It seems inevitable that an actor will at some point end up behind the camera as a director. The latest actor to take their talents behind the camera is Dave Franco, star of such films as 21 Jump Street, Neighbors, and Nerve. Franco’s debut, the horror/thriller The Rental, debuts on video-on-demand this Friday and it is an impressive debut. Some actors-turned-directors start off with a dud, others start with a bang. This list focuses on the later. Here are my picks for the best directorial debuts from actors-turned-directors.
5 – A BRONX TALE (Robert De Niro, 1995)
- By the time 1995 rolled around, Robert De Niro had become one of cinema’s most renowned and assured actors. The two-time Oscar winner had worked with some of cinema’s finest directors and starred in some of the greatest movies ever made. So were we at all surprised when he stepped behind the camera and the film was great? Based on Chazz Palminteri’s play (Palminteri also wrote the screenplay), A Bronx Tale is a look at a working class father (De Niro) who becomes worried when a local gangster (Palminteri) befriends his son in the Bronx in the 1960’s. This is a movie about growing up and parenting and De Niro fills the film with deeply emotional sequences and top notch performances. Though only directing one other film in his career (2006’s The Good Shepard), De Niro’s effort on A Bronx Tale makes me wish he would get behind the camera again.
4 – A STAR IS BORN (Bradley Cooper, 2018)
- It was a pretty bold choice for Bradley Cooper to make his directorial debut the third remake of a Hollywood classic that had been around since the 1930’s. But this bold decision is what made his debut film, A Star is Born, so great. Cooper, who also starred, co-wrote, and co-produced the film, made the 2018 version of A Star is Born his own, modernizing the tale, yet still making it emotional and captivating with great music and performances, much the like versions before it. Cooper doubles down and gives the best performance of his career and made Lady Gaga a bonafide movie star. A Star is Born is the only film Cooper has made so far, but I cannot wait to see what he does next behind the camera.

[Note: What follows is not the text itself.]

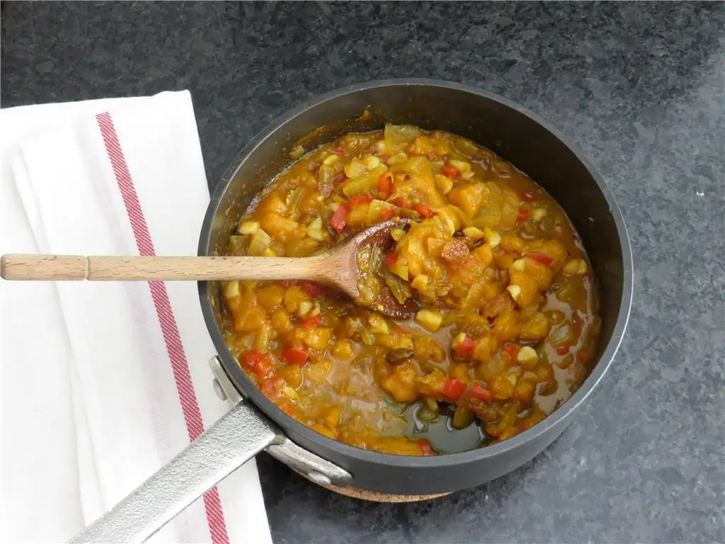 In a small bowl, combine Pineapple Juice (1/2 cup), Apple Cider Vinegar (4 Tbsp), Brown Sugar (4 Tbsp), and Sweet Curry Powder (2 tsp). Add to the pan, and stir to combine. Bring mixture to a low simmer, and let reduce for 30 minutes.

3 – ORDINARY PEOPLE (Robert Redford, 1980)
- Robert Redford was one of the biggest actors in the 1970’s, starring in award-winning films and being one of Hollywood’s most bankable stars. Redford used his caché to go behind the camera and the result was nothing short of impressive. Ordinary People is a somber, heartbreaking look at a family dealing with the death of one of their own. Led by tremendous performances from Donald Sutherland, Judd Hirsch, and Oscar winners Timothy Hutton and Mary Tyler Moore, Ordinary People went on to win Best Picture at the 1980 Academy Awards along with Redford winning Best Director. Not bad for a first time filmmaker.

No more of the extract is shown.